Last weekend to celebrate the closing of the seasonal bookstore that I ran I took a group of my staff out to Lone Star restaurant. While there we discovered something interesting about their waitstaff. According to our waitress, none of the staff use their real names. It’s company policy to either make up another name, or get creative and use something fun, like Thumper.
That was the name our waitress gave herself. Thumper, as in, Bambi’s Thumper.
“That way,” she tells me, “it keeps the creepers from stalking you outside of work, on like Facebook and stuff.”
Then she goes on to give the second reason:
“The bosses also figure, if we come to work with a different name, it gives us a different identity. None of the drama or problems we face carry over into our work because that person doesn’t come to Lone Star, ever. When I come to work, I’m a different person, with a different name to prove it.”

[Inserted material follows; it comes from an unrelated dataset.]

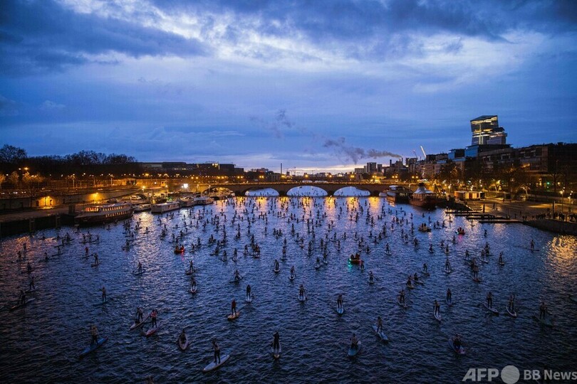 パリのセーヌ川でパドルレース、1000人参加

Isn’t that an awesome concept? A new name effectively accomplishes two things: It keeps the creepers away, and it gives people a new identity, effectively erasing their problems, at least for a period of time.
Jesus, the Artisan
A lot of Christians are under the impression that Jesus died simply so that they can get to heaven. But Jesus didn’t die so that you can escape this world. He came, lived, died and rose again to create.
Yes, to create.
Is it any wonder that the Apostle John speaks of Jesus’ role in the first creation: “Through him all things were made; without him nothing was made that has been made.” (John 1:3). And Paul echoes that sentiment: “For by him all things were created…” (Colossians 1:16).

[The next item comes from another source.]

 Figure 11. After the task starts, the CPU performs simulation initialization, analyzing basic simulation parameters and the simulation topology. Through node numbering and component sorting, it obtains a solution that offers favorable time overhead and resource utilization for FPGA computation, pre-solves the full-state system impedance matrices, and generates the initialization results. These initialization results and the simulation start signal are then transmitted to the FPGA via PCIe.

Yet because things got ugly and broken, Jesus – the creator – went to work to recreate and make all things new. That’s why he came. That’s the significance of Paul’s detailed discussion of the resurrection in 1 Corinthians 15 (see in particular verses 20-28). Or, more explicitly, Revelation 21:5:
He who was seated on the throne said, “I am making everything new!”
What this means for you today (and not in some distant heavenly time and place) is this: “Therefore, if anyone is in Christ, the new creation has come: The old has gone, the new is here!” (2 Corinthians 5:17)
Your new name
Now you’re probably wondering what this has to do with the policy of a Texas Grill restaurant chain.
It is simply this: when you decided to follow Jesus, what Paul refers to as being “in Christ,” you are essentially given a new name, and with it a new identity.
And two things happen when you’re in Christ: the first is that “the old has gone,” meaning that drama, that baggage, those problems, all the things that tore you down and kept you from being who God created you to be. They are “gone.”
The second thing that happens when you come into Christ and receive a new name is that the creepers lose their power over you. Jesus said “I have given you authority to trample on snakes and scorpions and to overcome all the power of the enemy; nothing will harm you.” (Luke 10:19)
But here’s the thing, for this to work the waitstaff need to remember to use their new names and immediately stop using their old names when they go to work. If they tell a creeper their real name, they open themselves up to being creeped. And if they use their old name, their baggage will follow them to work.
And the same is true for you and I.
When we forget or stop living in our new identity, which is in Christ, and begin again to use our old identity, we open ourselves up to the creepers of the spiritual realm, and perhaps worse, we begin to live according to our old life once again.
So don’t forget to live according to your new identity, which is in Christ. Lose that baggage and walk in freedom.